他定在原地,一步也不肯离开,盯紧信王。其余侍卫也没有退。
信王轻蔑地哼一声。
晨星寥落,灰暗的苍穹下静寂无风,只有无孔不入的寒意砭人肌骨。信王终于觉出冷来,那股冷溢满胸腔,浸透心肺。
等了片刻,便有内监前来,说要传太子的命令。
“殿下有旨”的话音未落,就被信王打断,这回他的声音有些哑:“太子呢?”
“太子殿下自然在宫里,”内监这么敷衍一句,再开口就是对着段绶了,“传殿下的令旨,有人持刀强闯东宫,意图刺杀太子,即刻拿下!”
信王一惊,厉喝一声:“谁敢!”身后两个随从立刻横刀挡在身前。
段绶挥手,一众侍卫没了顾虑,上前先制住了随从,再收缴了刀械。段绶问:“是交给锦衣卫?”
内监道:“那两个下人押去锦衣卫。信王非我等可以定罪,按照太子殿下的吩咐,便送去西苑,听凭圣裁。”

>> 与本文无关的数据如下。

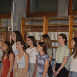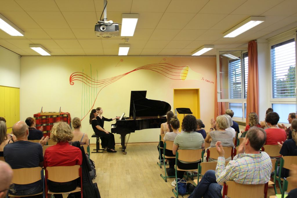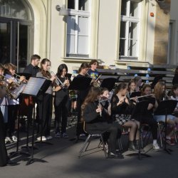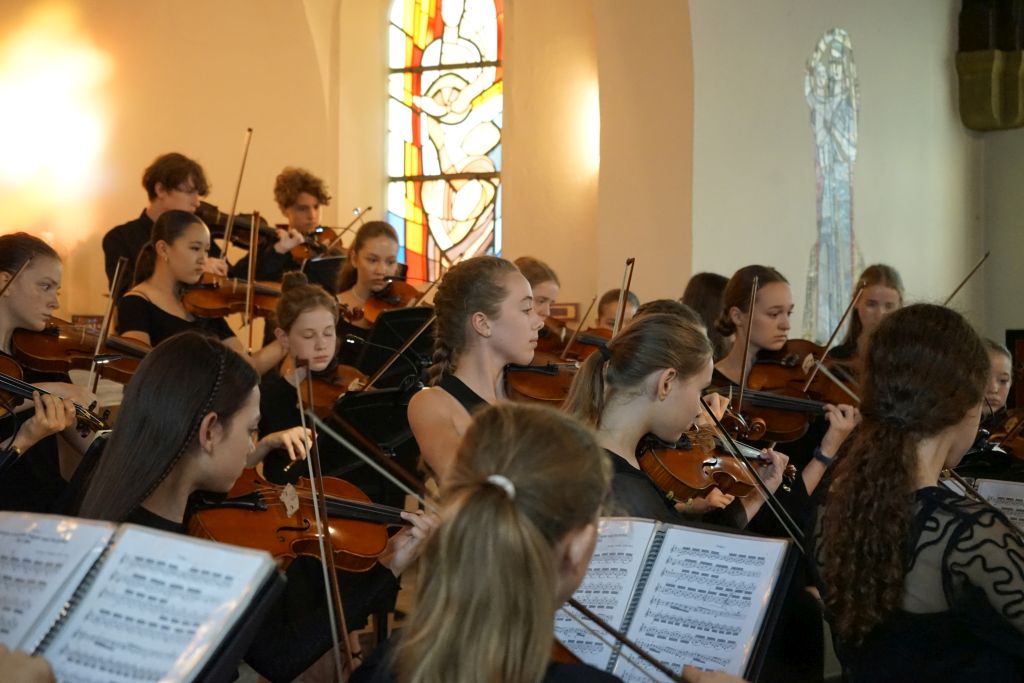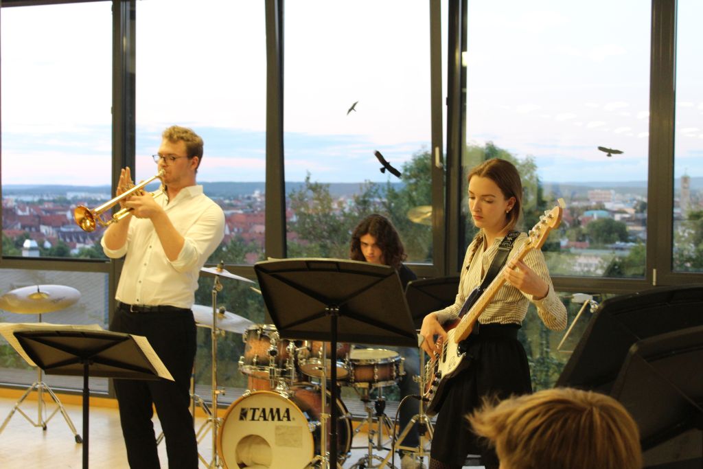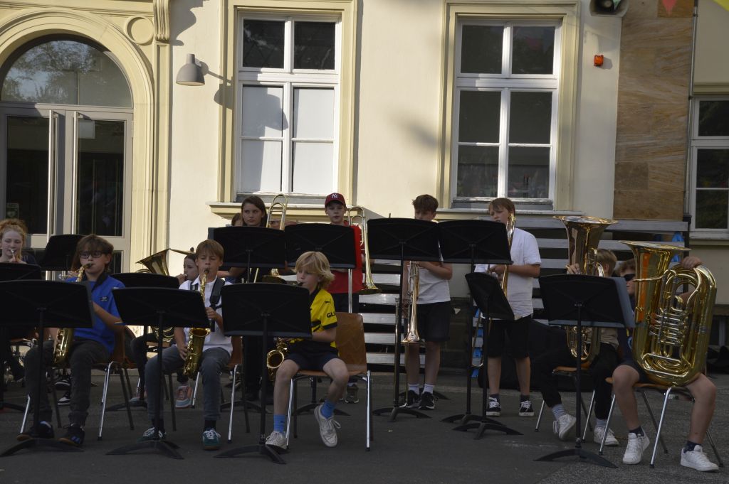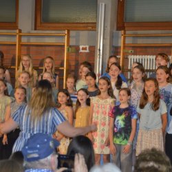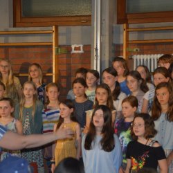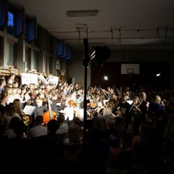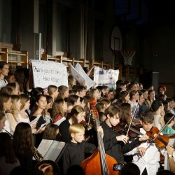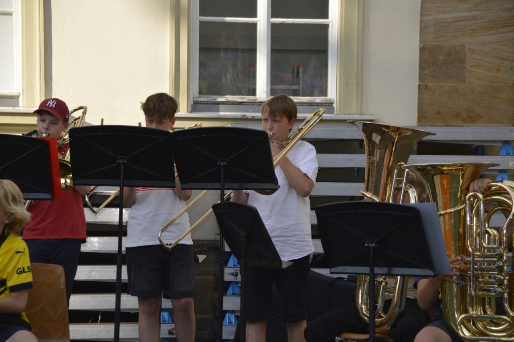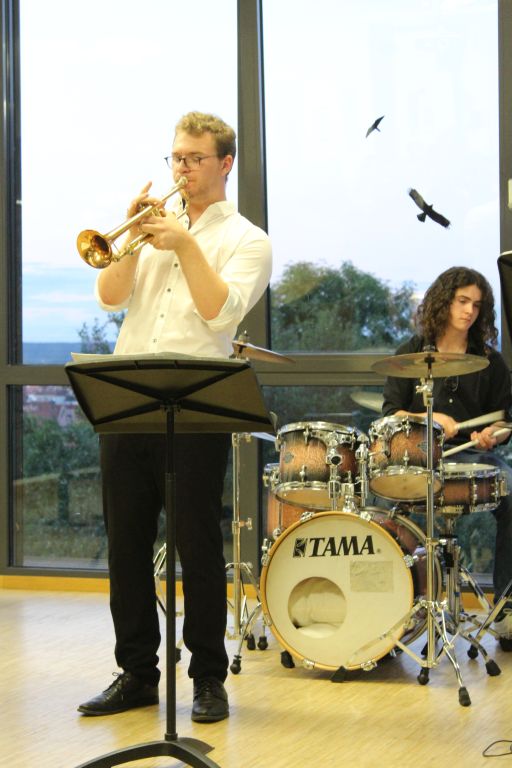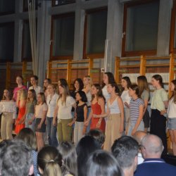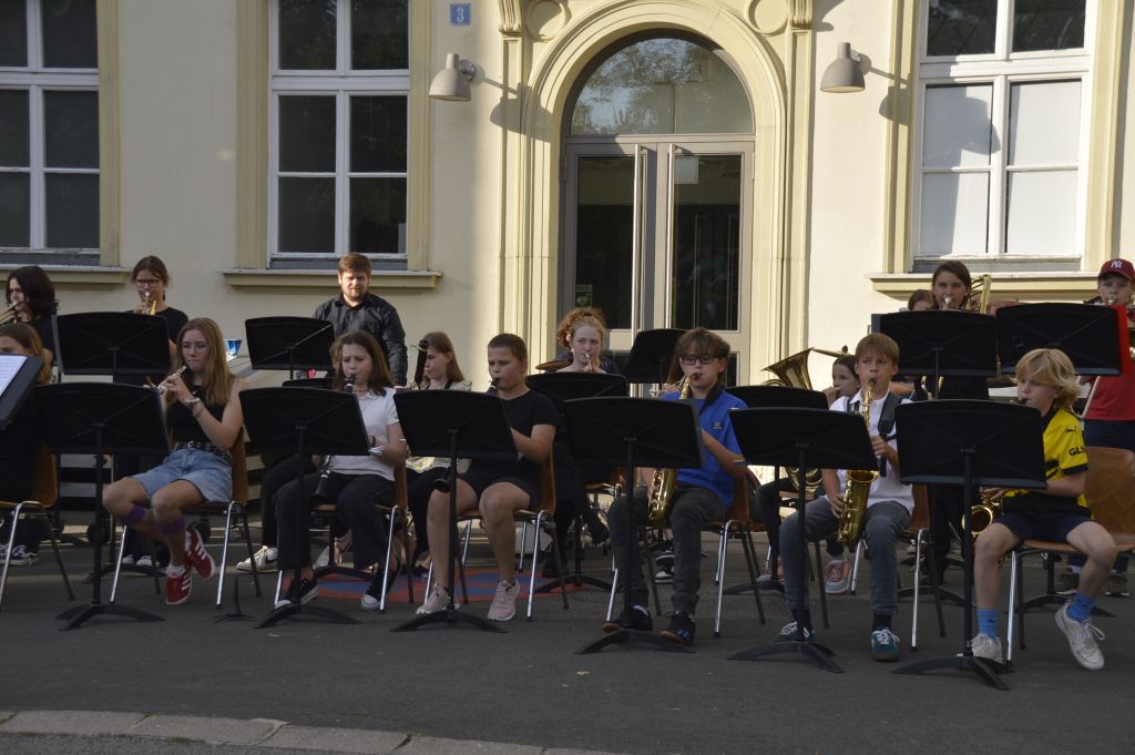 Bereits seit vielen Jahren ist das Wandelkonzert am E.T.A.-Hoffmann-Gymnasium in der vorletzten Woche des Schuljahres Tradition. Wieder einmal hatte die Fachschaft Musik ein fulminantes Mammut-Programm aus den zahlreichen und vielfältigen Beiträgen, die die Instrumentallehrkräfte sowie Leiter und Leiterinnen von Chören, Orchestern und Ensembles in Zusammenarbeit mit den Schülern und Schülerinnen erarbeitet haben, auf die Beine gestellt. Zwischen 20minütigen Blocks konnten die Besucher und Besucherinnen von Raum zu Raum lustwandeln, um die musikalischen Kostbarkeiten, exzellent von spielfreudigen Schülern und Schülerinnen aller Altersgruppen musiziert, zu erleben. Den Auftakt bildete bei schönem Wetter Klaus Wangorsch mit seinem „Wangorchester“ im Schulhof mit Hits aus Film-und Popmusik, bevor Musizierende und Gäste sich auf den Weg zu den einzelnen Spielstätten (Untere Turnhalle, beide Musiksäle, Mensa und Kapelle) machten. Die vollbesetzten Räume zeigten das große Interesse der Zuhörerschaft an den musikalischen Darbietungen, die von Kompositionen für Streicher über Holzbläser, Blechbläser, Gitarren, Percussion bis hin zu Klavier reichten, sowohl solistisch als auch im Ensemble gekonnt interpretiert. Auch Gesang erfreute das Publikum, sei es als Solo- oder Chorlied, mitreißend vorgetragen. Eine Kostprobe ihrer Virtuosität boten Bundespreisträger Jugend Musiziert. Am Ende des Abends ehrten die Chöre der Unter-und Mittelstufe, Orchester und Wangorchester und Kolleginnen und Kollegen unter der Leitung von Elisabeth Pagan Norbert Köhler, der sich nach 30 Jahren unermüdlichen Wirkens in den wohlverdienten Ruhestand verabschiedet, mit dem leidenschaftlich gesungenen ABBA-Song „Thank you for the music“. Darauf folgte tosender Applaus. Norbert Köhler bedankte sich sichtlich bewegt für das „beste Geschenk“, das man ihm habe machen können.

信王瞪着眼,听他们就这样发落自己,心下顿时凉了半截。
他没见着太子,满腔怒火无处发泄,又想起刚刚惨死的母妃,不由得悲从中来,什么谋划、隐忍、体面通通抛掷脑后,扯着嗓子喊:
“晏朝,你心虚了是吗!怎么,敢做不敢认!指使宁妃害我母妃算什么本事!你个阴险小人——”
“还不快堵上他的嘴!”.
西苑仁寿宫精舍。皇帝于修道一事上素来勤勉,听从吴天师的进言按时斋醮,每日更是兢兢业业地打坐、清心、进丹、悟经。纵如今秋来天寒昼短,皇帝亦如常“勤勉”。
一顶煖轿悄无声息地抬进西苑时,天色已经大亮。在御前服侍的兰怀恩收到内监的通禀,神色顿时有些惊异。他回头望了一眼蒲团上安静打坐的皇帝,暗暗把目光一垂,挥手先叫人退下。
皇帝很快结束了今晨的打坐。宫人们鱼贯而入,服侍皇帝洗漱。兰怀恩默默往香炉里添了香,一面偷瞄皇帝,一面作踌躇状。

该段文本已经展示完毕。